A typical morning in Diepkloof Soweto. Neighbours chatting on street corners and going about their chores. The devout making their way to church.

And the kids from the Busk-Aid Music School arriving for several hours of hard work on their instruments of string. They are aged 6 and above. And they have one thing in common, the passion for music. The school offers tuition and instruments to more than 90 young people all from Soweto and its environs. Admission to Busk-Aid is based more on proximity to school and the socio-economic circumstances of their families, than their musical prowess. Most of these little ones - who play either the violin, the viola or the cello - say they love their instruments, the music and their teachers.

Music teacher Rosemary Nalden, was a musician in the UK when she heard about the need for tuition and instruments in South African townships.

She was so moved, she came to South Africa to help and ended up founding BuskAid.

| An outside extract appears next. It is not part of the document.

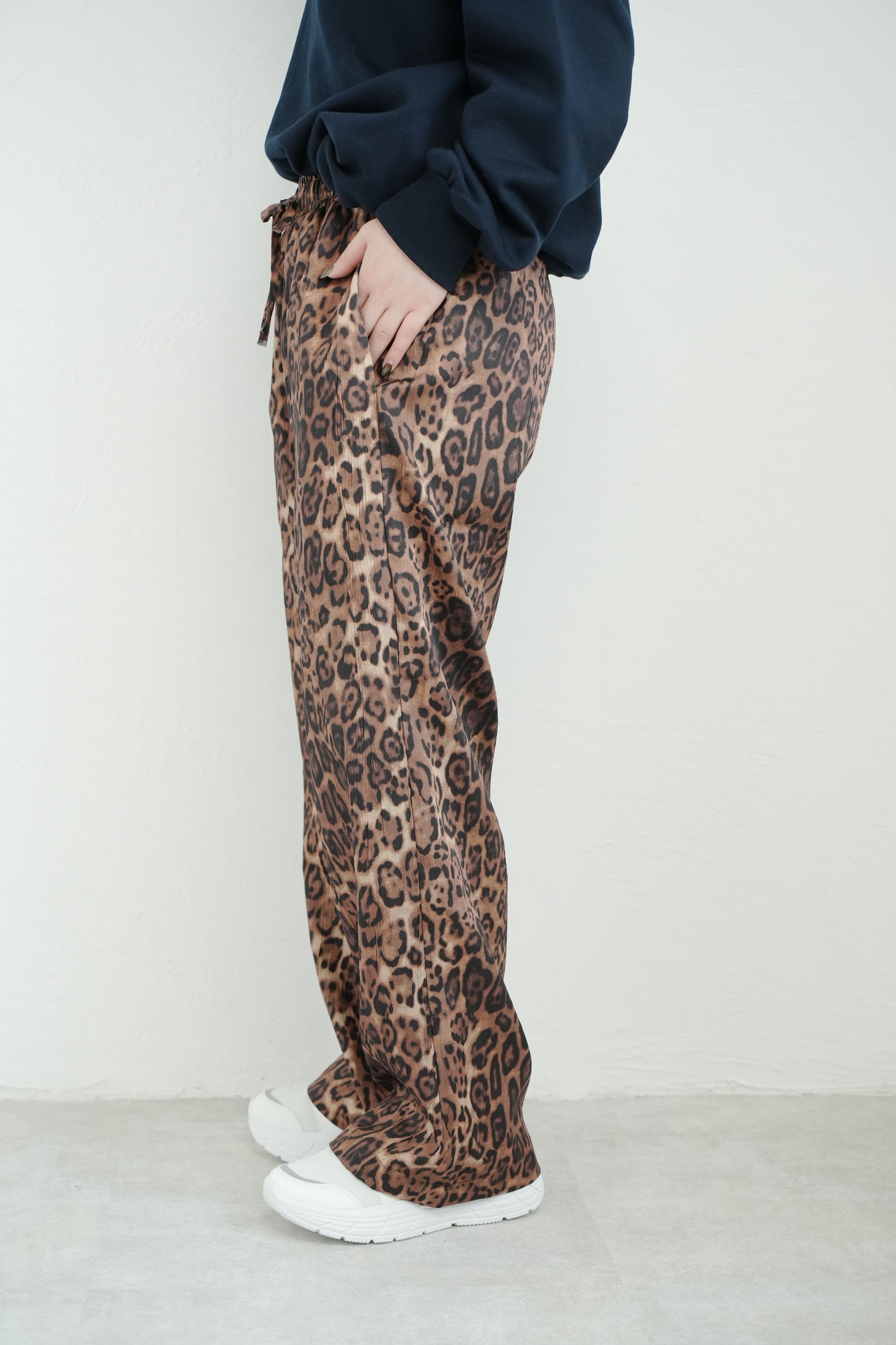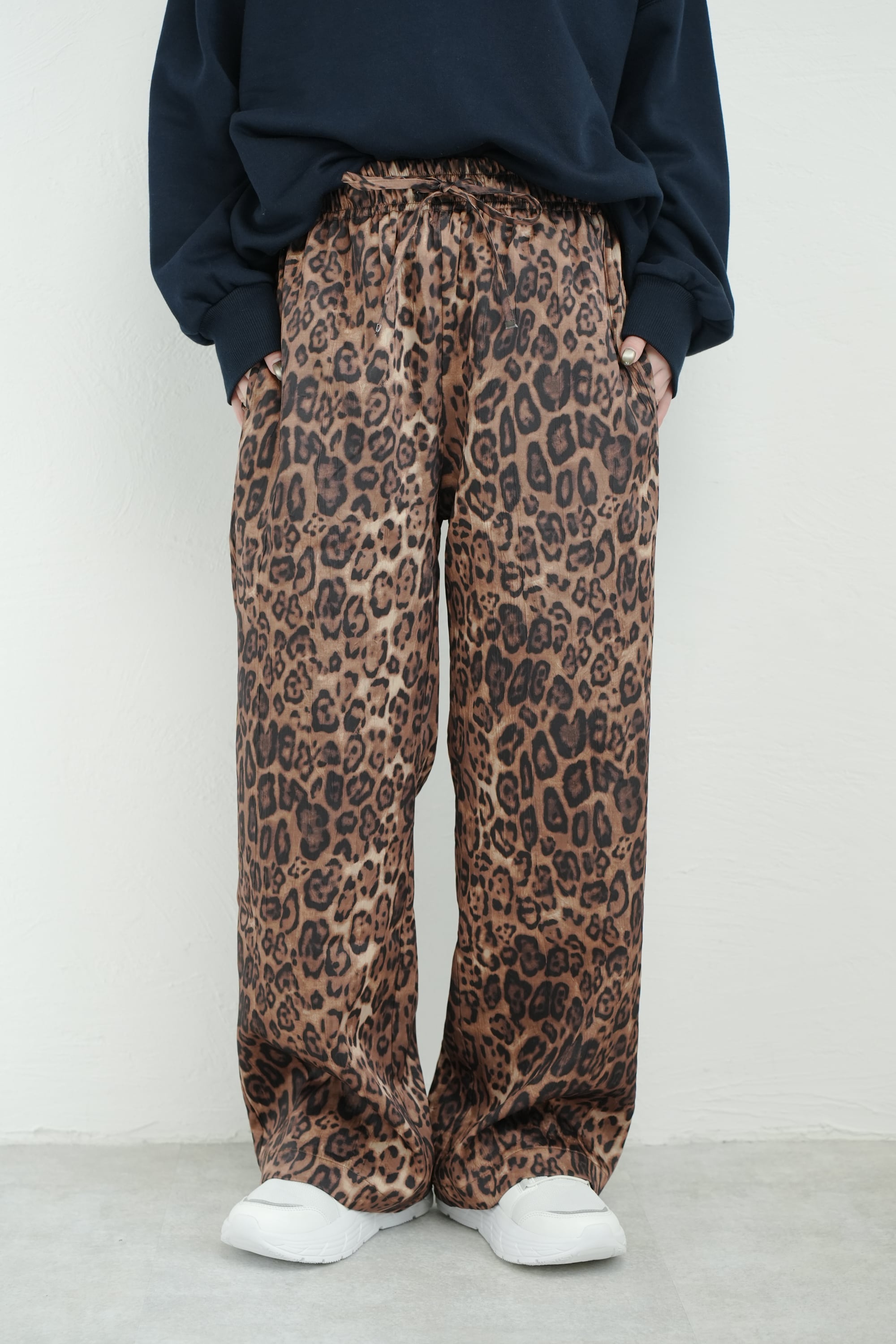 印象的なレオパード柄がスタイリングの主役になるワイドパンツ。

CCTV's Rene Del Carme said, "Rosemary says her decision to start the BUSKAID Project in 1997 was not a patronising act by a middle-class white woman. She says it was because she acknowledged the great potential of the children of Soweto, a traditionally-disadvantaged community. "

Rosemary Nalden, music teacher

Rosemary Nalden, music teacher, said, "I was taken. I was sort of intrigued. I was grabbed by these children, who had this sort of combination of being incredibly musical and incredibly motivated, and so without the sort of inhibitions that I was used to in England. It wasn't just because you wanted to sort of help little kids who were poor. It was because you saw something that a huge potential and that could rise out of this community and really take the world by storm."

Many of the talented young musicians from the Busk-Aid project have gone on to win scholarships from the Royal Academy of Music in London.

While others are music teachers or musicians in their own right in South Africa.And the Busk-Aid Ensemble has become well-known internationally for its high standards of musicality and performance.

BUSKAID's vision is to give all township children the opportunity to channel their creative energies and talents through learning and playing classical music to the highest standards.And it sure sounds as though, they're hitting the right notes.